[Task to carry out] Pictures must not appear in the copy. Restate exactly the lines below from the one with "Алгоритмы анализа энерготрат" through the one with "1girl,solo,long hair,breasts,looking at", inclusive.

[Provided data]
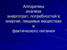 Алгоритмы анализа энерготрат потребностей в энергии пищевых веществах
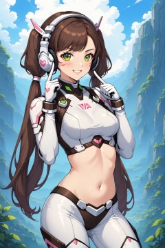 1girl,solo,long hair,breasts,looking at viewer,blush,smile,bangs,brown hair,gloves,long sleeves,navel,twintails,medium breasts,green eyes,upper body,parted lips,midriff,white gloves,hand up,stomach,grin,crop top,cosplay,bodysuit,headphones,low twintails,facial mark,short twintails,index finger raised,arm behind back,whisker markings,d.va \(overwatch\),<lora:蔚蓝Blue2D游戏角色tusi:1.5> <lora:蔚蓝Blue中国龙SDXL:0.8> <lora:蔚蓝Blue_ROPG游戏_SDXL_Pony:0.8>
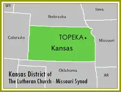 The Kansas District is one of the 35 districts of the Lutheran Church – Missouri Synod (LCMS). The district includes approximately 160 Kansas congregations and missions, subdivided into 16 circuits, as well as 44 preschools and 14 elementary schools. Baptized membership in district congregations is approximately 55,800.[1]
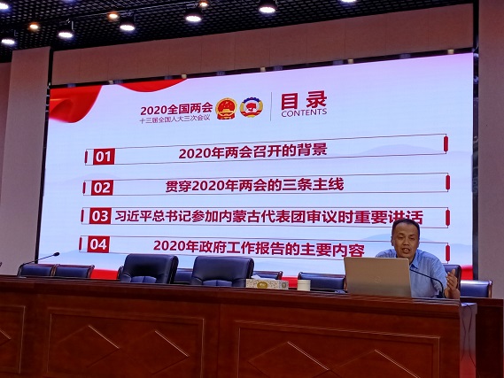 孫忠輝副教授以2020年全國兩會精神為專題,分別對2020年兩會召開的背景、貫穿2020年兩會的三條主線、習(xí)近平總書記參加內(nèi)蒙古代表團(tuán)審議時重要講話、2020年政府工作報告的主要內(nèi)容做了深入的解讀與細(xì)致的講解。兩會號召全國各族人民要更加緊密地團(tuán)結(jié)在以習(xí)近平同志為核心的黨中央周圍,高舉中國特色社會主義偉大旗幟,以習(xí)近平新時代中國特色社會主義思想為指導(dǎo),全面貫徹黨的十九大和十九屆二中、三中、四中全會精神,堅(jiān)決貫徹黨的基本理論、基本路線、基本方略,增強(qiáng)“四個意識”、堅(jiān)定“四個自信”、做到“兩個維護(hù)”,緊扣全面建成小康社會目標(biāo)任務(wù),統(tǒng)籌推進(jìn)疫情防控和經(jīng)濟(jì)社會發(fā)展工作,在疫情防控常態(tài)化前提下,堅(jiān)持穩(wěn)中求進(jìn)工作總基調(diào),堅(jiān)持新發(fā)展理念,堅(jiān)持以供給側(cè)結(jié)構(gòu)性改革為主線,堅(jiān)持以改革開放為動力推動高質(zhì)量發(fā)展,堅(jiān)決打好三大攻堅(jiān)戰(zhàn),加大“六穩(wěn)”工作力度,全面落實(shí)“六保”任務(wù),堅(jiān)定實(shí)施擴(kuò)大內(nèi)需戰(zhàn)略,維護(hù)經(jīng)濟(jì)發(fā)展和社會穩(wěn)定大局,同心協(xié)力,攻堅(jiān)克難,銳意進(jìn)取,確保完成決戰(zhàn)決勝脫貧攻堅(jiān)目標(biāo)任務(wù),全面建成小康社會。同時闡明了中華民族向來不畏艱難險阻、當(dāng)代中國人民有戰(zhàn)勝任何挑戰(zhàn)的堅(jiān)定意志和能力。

* * *

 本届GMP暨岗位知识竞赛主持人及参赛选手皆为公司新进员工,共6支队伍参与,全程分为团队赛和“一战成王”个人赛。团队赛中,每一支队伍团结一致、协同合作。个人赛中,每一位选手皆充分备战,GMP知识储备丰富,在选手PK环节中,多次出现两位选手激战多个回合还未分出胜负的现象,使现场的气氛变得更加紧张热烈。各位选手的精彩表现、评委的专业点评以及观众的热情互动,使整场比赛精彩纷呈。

[Result]
 Алгоритмы анализа энерготрат потребностей в энергии пищевых веществах
 1girl,solo,long hair,breasts,looking at viewer,blush,smile,bangs,brown hair,gloves,long sleeves,navel,twintails,medium breasts,green eyes,upper body,parted lips,midriff,white gloves,hand up,stomach,grin,crop top,cosplay,bodysuit,headphones,low twintails,facial mark,short twintails,index finger raised,arm behind back,whisker markings,d.va \(overwatch\),<lora:蔚蓝Blue2D游戏角色tusi:1.5> <lora:蔚蓝Blue中国龙SDXL:0.8> <lora:蔚蓝Blue_ROPG游戏_SDXL_Pony:0.8>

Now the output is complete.